→ RECORD EXTRACTS
_____
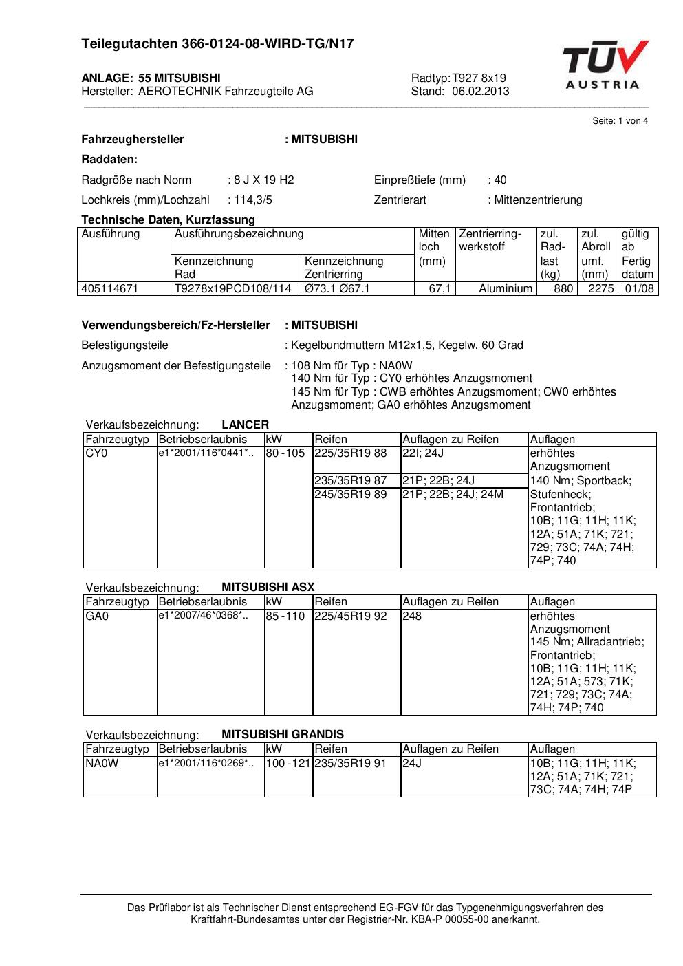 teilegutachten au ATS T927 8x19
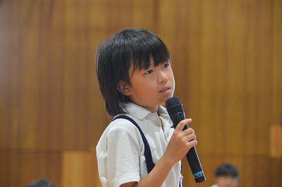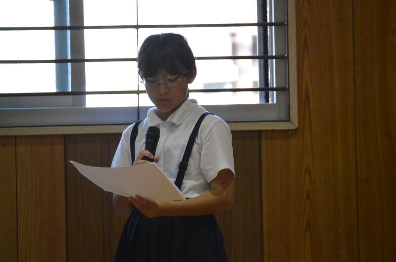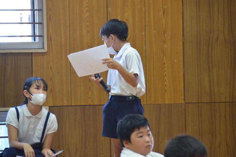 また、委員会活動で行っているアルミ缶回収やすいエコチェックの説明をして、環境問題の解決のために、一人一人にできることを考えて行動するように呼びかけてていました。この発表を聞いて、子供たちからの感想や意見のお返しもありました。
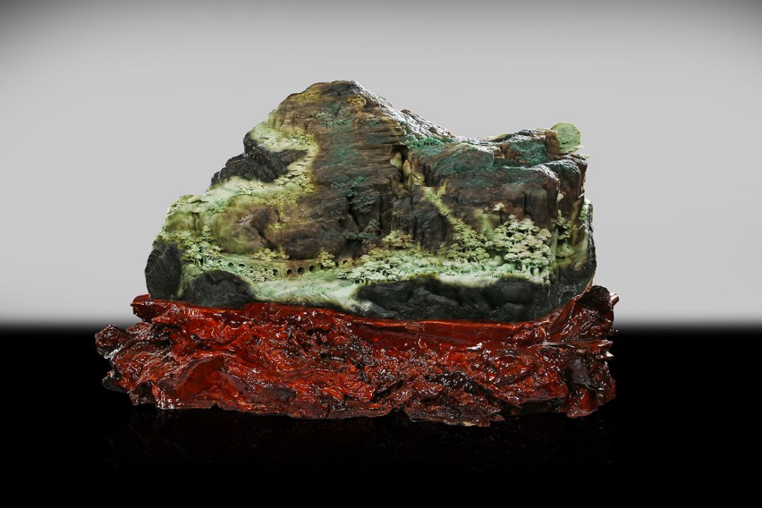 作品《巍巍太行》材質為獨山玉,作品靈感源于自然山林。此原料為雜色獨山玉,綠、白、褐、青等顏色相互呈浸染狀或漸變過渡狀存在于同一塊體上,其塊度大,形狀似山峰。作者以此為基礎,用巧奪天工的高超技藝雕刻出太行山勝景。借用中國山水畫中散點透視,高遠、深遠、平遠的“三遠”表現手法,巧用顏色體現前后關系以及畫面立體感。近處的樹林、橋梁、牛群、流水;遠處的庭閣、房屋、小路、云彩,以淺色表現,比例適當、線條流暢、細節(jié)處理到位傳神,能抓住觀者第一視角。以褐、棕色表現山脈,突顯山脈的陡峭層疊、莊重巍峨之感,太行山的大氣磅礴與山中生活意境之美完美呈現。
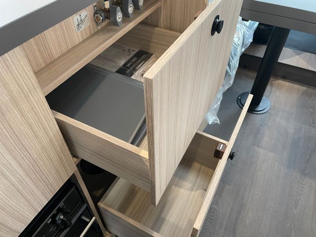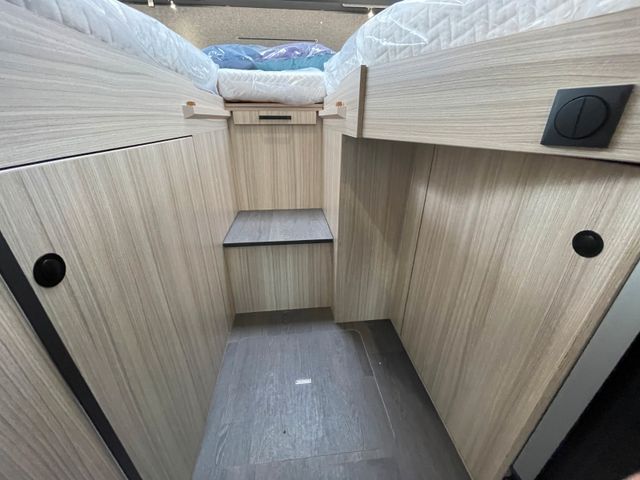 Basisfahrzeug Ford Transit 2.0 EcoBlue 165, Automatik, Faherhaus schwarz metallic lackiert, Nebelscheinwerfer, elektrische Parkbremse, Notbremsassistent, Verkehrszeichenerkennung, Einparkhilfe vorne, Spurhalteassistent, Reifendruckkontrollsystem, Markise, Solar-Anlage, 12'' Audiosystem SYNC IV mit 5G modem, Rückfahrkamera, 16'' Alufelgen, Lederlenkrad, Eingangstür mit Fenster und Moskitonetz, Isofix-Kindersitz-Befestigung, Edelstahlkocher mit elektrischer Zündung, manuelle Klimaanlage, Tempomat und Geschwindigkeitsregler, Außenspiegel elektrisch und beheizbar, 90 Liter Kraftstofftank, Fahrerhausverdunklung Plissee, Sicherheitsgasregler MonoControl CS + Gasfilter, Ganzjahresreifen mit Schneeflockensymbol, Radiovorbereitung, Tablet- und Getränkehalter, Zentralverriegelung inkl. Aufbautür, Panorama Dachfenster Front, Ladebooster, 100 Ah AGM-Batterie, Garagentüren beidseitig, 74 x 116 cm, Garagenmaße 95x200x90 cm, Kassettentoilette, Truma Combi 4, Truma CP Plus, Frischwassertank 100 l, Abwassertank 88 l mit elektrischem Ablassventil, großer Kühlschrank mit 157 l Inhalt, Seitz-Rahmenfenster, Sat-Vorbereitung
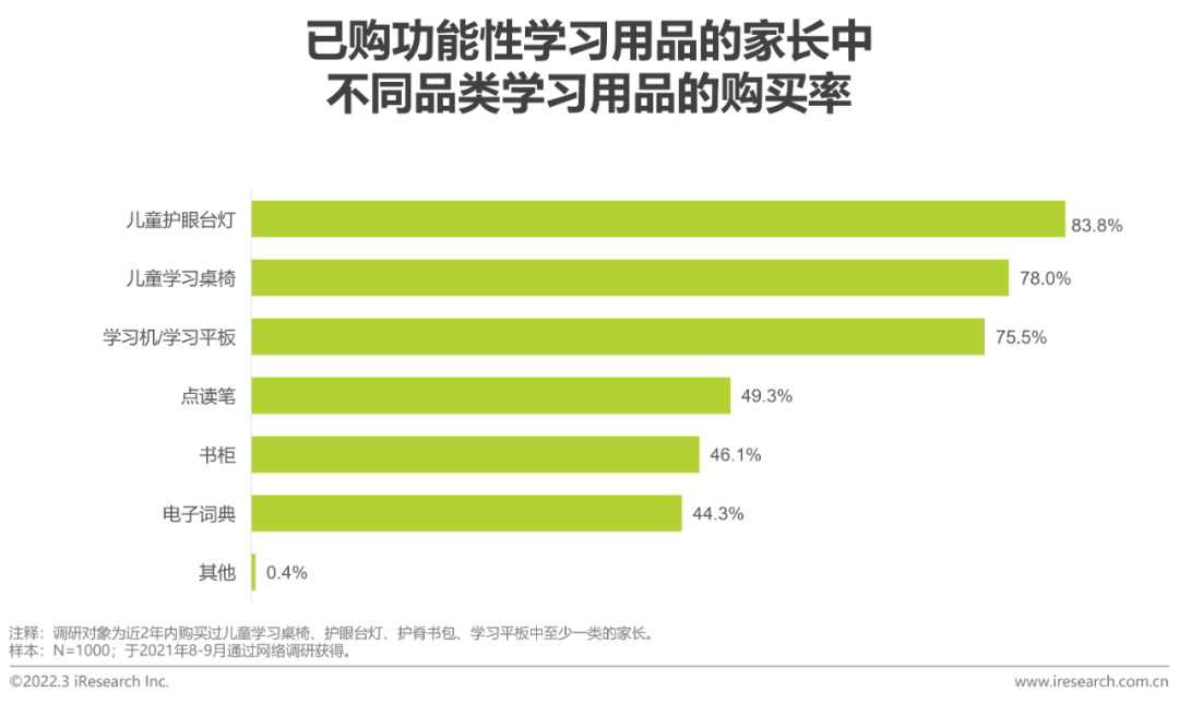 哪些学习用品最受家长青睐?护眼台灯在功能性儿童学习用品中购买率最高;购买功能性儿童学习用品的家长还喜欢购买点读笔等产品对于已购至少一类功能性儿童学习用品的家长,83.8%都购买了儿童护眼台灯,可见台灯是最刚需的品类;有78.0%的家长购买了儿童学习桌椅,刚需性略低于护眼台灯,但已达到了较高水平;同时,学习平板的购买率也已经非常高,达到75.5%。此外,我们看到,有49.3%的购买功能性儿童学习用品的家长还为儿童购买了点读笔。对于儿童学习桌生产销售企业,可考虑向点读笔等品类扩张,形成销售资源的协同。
_____
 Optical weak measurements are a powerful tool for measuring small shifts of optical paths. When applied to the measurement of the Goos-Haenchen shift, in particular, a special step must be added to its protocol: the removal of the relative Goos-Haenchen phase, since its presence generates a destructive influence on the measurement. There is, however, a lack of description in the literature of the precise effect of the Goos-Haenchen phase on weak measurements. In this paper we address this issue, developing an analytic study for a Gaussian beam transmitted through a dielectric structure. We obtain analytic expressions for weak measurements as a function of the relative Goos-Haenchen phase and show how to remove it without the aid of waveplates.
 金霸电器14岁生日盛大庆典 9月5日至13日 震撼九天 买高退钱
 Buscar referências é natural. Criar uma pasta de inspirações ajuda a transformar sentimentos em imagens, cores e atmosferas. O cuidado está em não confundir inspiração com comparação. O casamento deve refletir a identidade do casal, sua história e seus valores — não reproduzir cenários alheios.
_____
→ EXERCISE
What is needed is an exact copy of only the lines above from the one with "teilegutachten au ATS T927 8x19" to the one with "また、委員会活動で行っている", both kept, with every picture left out.

→ TASK OUTPUT
 teilegutachten au ATS T927 8x19
 また、委員会活動で行っているアルミ缶回収やすいエコチェックの説明をして、環境問題の解決のために、一人一人にできることを考えて行動するように呼びかけてていました。この発表を聞いて、子供たちからの感想や意見のお返しもありました。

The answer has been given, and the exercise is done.